The entries below contain pictures, which are to be left out; write out exactly, and only, the lines from the line with "Dynamiczne wykresy pokazują" up to and including the line with "カジュアルパンツ ハイウエスト スリム".

[Data records]
++++

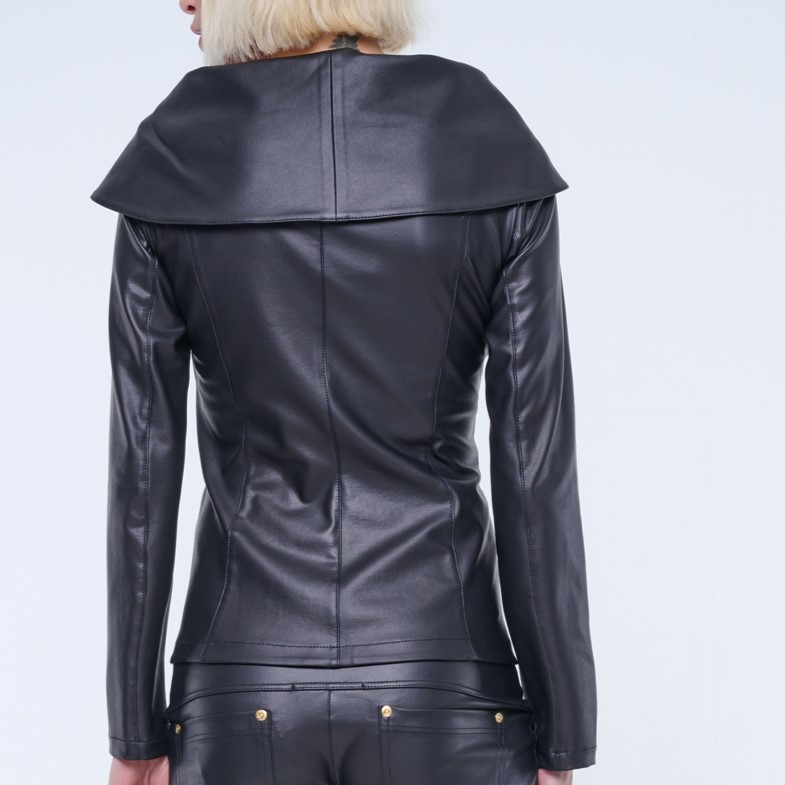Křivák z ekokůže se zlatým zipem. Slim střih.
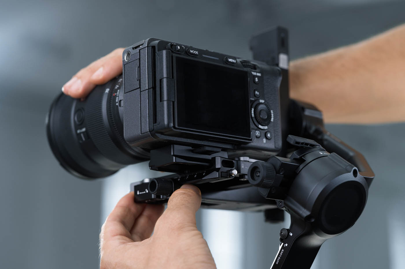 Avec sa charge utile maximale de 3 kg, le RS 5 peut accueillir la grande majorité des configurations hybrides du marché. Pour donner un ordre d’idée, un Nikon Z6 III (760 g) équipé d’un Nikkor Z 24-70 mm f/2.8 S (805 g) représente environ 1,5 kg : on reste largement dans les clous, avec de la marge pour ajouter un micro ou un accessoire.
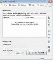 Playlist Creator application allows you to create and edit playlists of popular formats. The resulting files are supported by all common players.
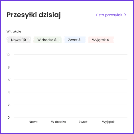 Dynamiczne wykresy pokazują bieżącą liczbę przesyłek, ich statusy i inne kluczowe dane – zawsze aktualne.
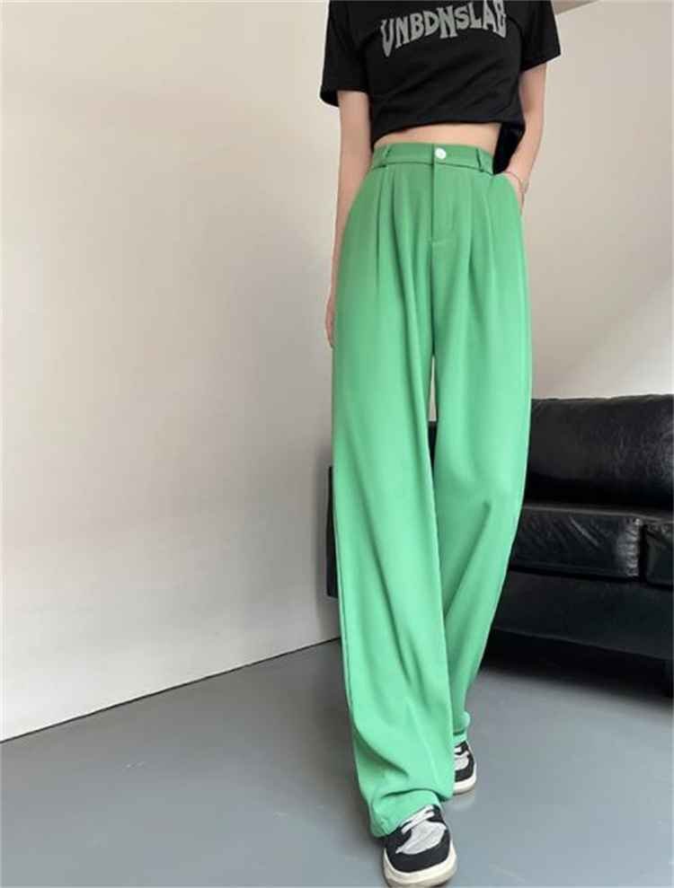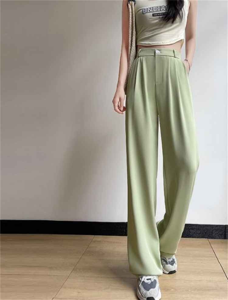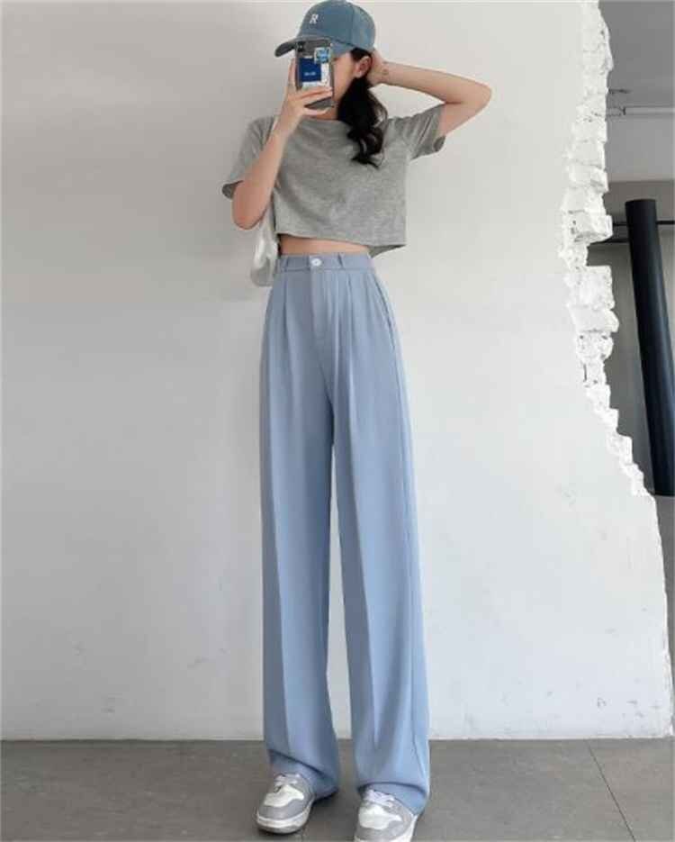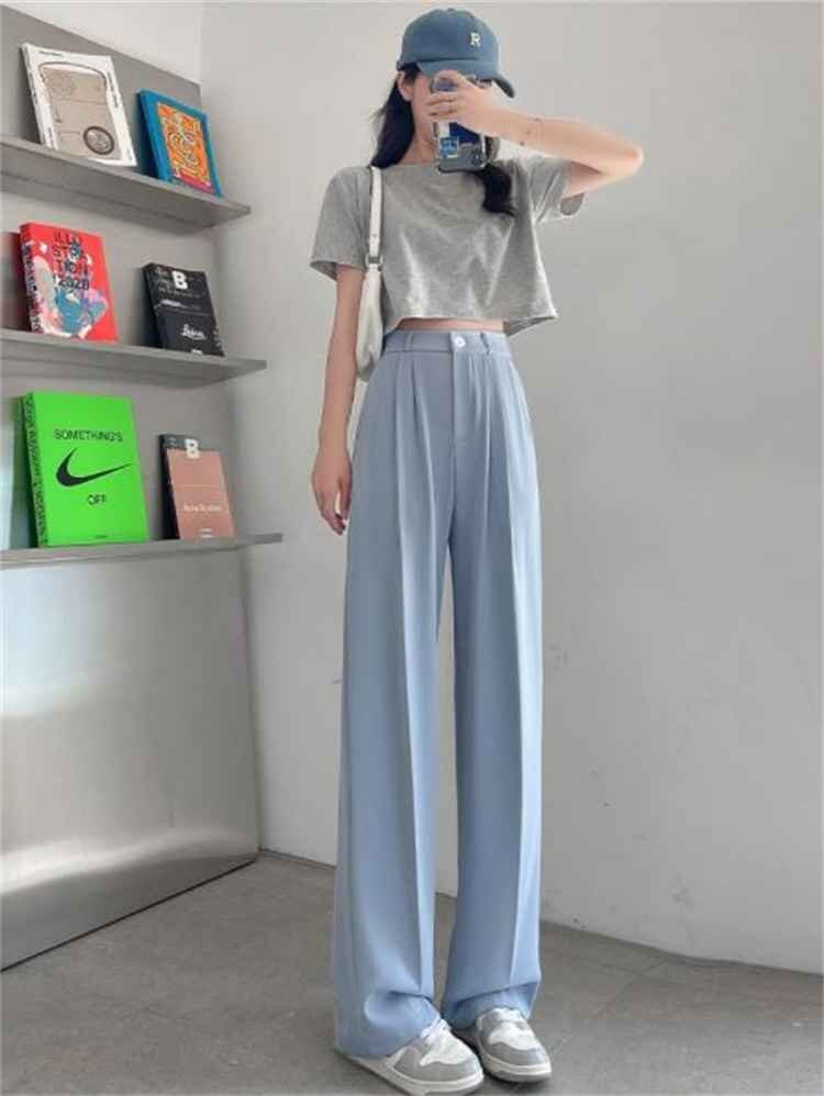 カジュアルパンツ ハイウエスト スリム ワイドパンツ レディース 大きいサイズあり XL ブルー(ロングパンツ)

++++

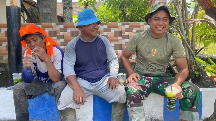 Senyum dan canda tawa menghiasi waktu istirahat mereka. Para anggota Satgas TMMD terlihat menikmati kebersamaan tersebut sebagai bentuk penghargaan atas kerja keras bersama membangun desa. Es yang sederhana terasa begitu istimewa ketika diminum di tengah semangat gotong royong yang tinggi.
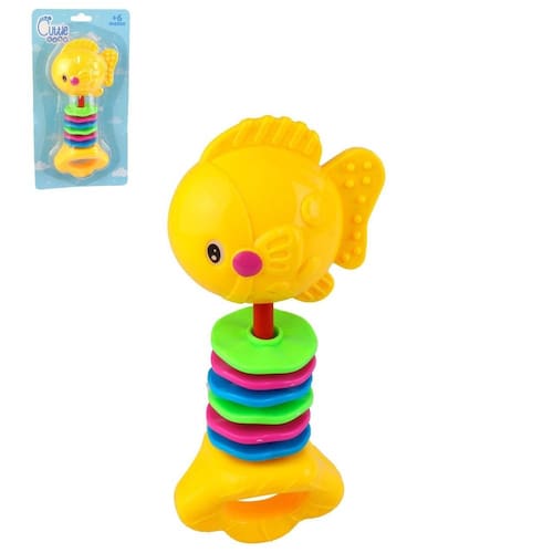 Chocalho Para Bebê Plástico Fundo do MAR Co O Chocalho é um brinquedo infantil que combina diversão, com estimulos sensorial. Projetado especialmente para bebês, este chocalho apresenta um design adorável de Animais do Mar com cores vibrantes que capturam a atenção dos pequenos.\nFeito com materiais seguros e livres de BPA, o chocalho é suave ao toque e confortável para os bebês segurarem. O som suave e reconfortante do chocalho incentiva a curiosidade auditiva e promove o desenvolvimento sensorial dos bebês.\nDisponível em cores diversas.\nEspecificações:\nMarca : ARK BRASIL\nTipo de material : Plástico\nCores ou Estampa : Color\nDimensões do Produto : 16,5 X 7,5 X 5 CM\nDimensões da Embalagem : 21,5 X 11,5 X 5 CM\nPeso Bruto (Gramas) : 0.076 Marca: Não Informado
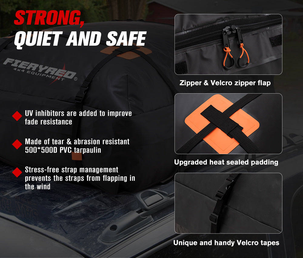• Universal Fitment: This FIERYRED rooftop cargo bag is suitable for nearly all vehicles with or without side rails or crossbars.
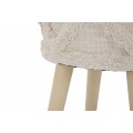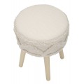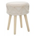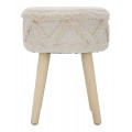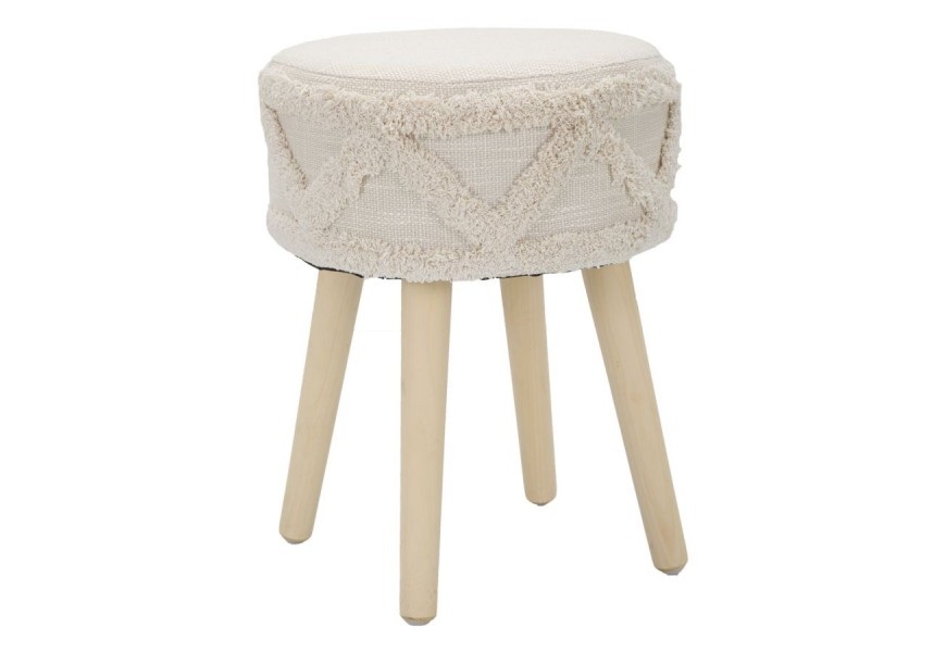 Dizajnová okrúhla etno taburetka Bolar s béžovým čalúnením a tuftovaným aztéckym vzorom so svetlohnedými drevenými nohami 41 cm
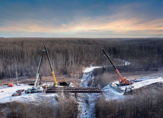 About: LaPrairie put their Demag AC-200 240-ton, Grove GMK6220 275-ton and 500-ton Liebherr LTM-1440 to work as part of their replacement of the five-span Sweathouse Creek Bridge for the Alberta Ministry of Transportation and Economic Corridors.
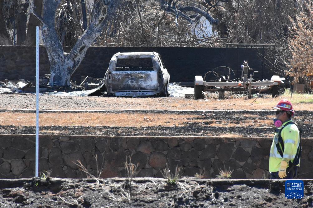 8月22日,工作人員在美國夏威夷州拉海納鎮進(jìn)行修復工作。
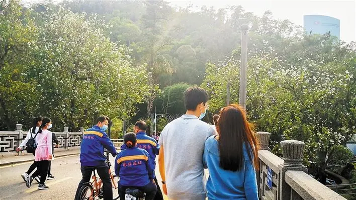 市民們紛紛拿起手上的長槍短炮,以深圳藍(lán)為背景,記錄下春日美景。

++++

Solution to the problem:
 Dynamiczne wykresy pokazują bieżącą liczbę przesyłek, ich statusy i inne kluczowe dane – zawsze aktualne.
 カジュアルパンツ ハイウエスト スリム ワイドパンツ レディース 大きいサイズあり XL ブルー(ロングパンツ)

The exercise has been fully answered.